ABG parameters consisted of partial pressure of carbon dioxide (PCO2), partial oxygen pressure (PO2), bicarbonate (HCO3) and oxygen saturation (O2 sat). ABG parameters were measured once at entry into ICU and once at discharge from the ICU for both groups.
Data analysis
In a pilot study on 10 patients, the reliability of the observer as well as the reliability of the equipment were evaluated, separately. Kappa coefficient was used to estimate the reliability of the study, which was calculated to be more than 90% in both evaluations.

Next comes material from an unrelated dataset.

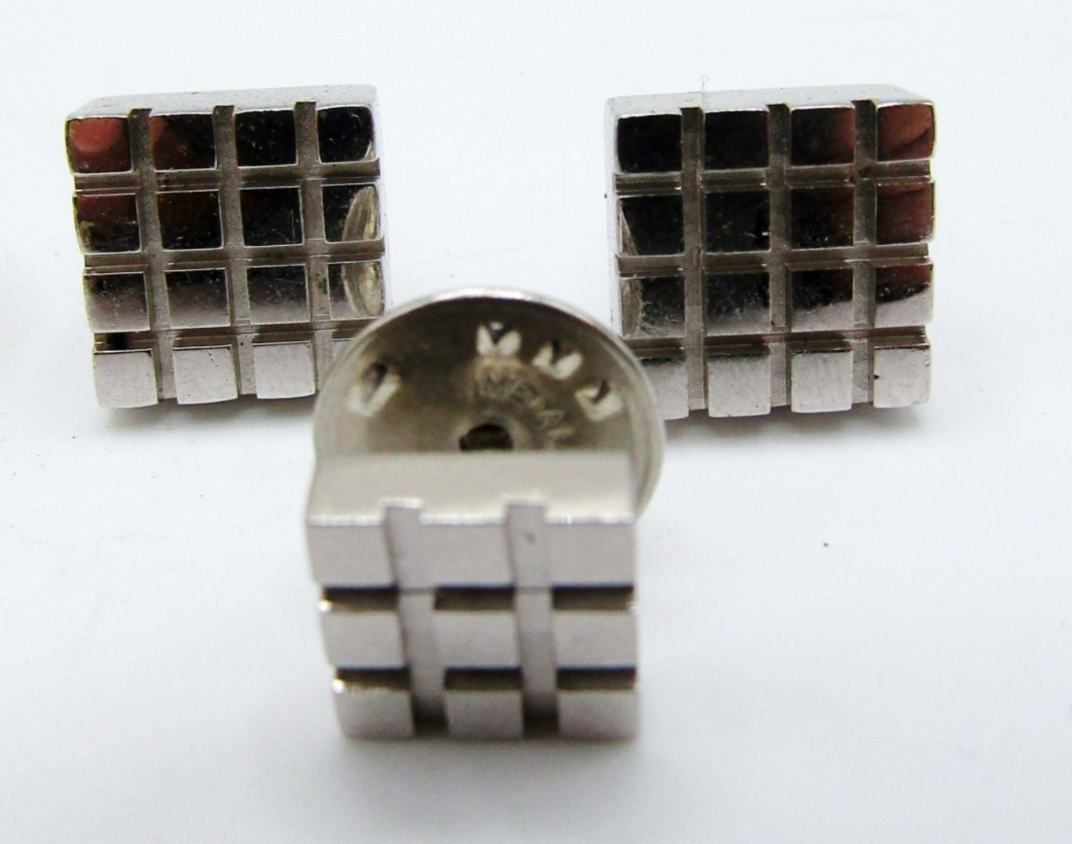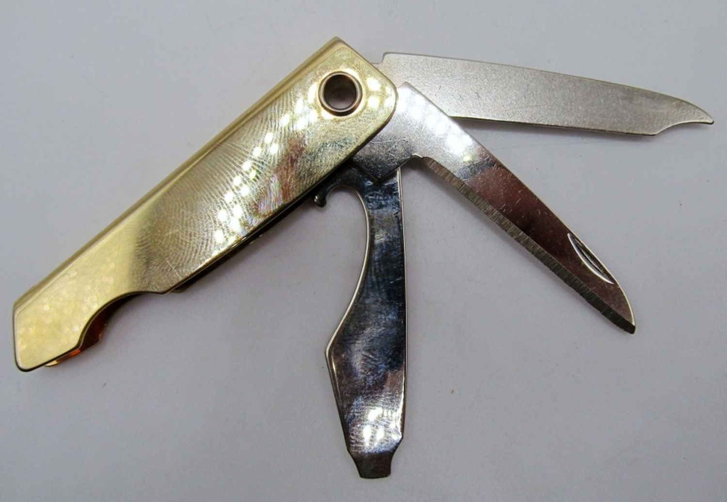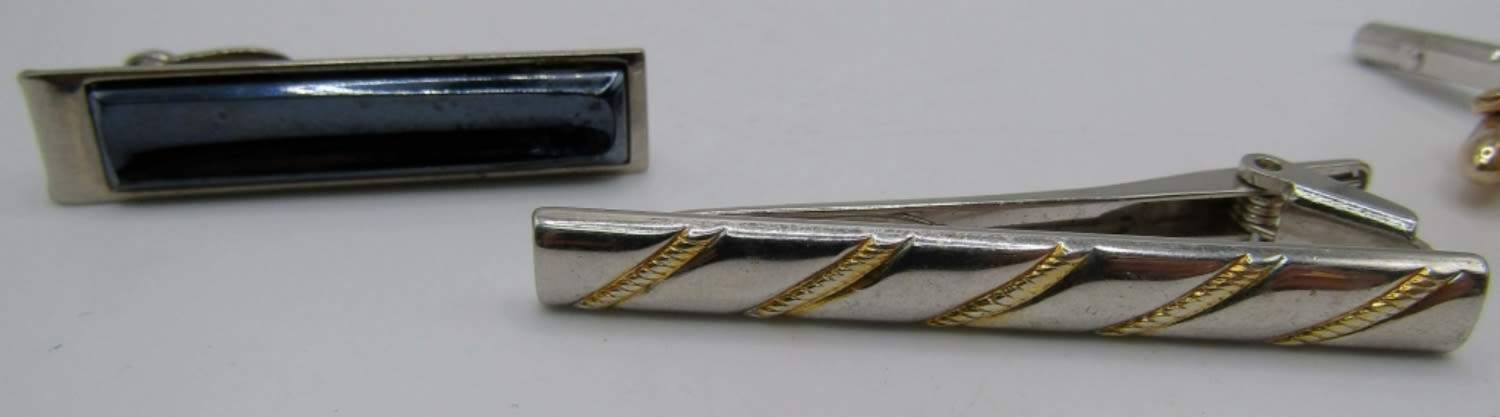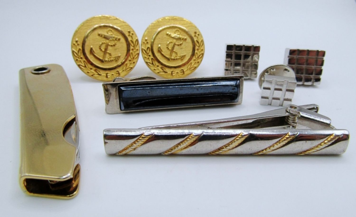 BOTH ARE BULLET BACK STYLE, STAMPED WITH MAKER, MATCHING TIE TAG FOR THE DESTINO CUFFLINKS, A GOLD TONE POCKET KNIFE, 2 TIE CLIP

Student’s t-test analyses were used to compare the study variables at a confidence interval of 95%, using SPSS.
Results
Flow of participants through the trial
Sixty seven patients as candidates for open cardiac surgery using the mid-sternotomy technique were screened for eligibility between October 2011 and November 2012. In the present clinical trial, 60 patients were randomly assigned to groups A (n=30) and B (n=30). Seven patients were excluded from the study for various reasons including arthritis, dissatisfaction and lack of access (Figure 1). The groups A and B had similar baseline demographic characteristics and difference between them was not statistically significant [age: P=0.096; sex: P=0.97; smoking: P=0.51; diabetes mellitus: P=0.51; body mass index (BMI): P=0.29, duration of operation: P=0.82; Table 1].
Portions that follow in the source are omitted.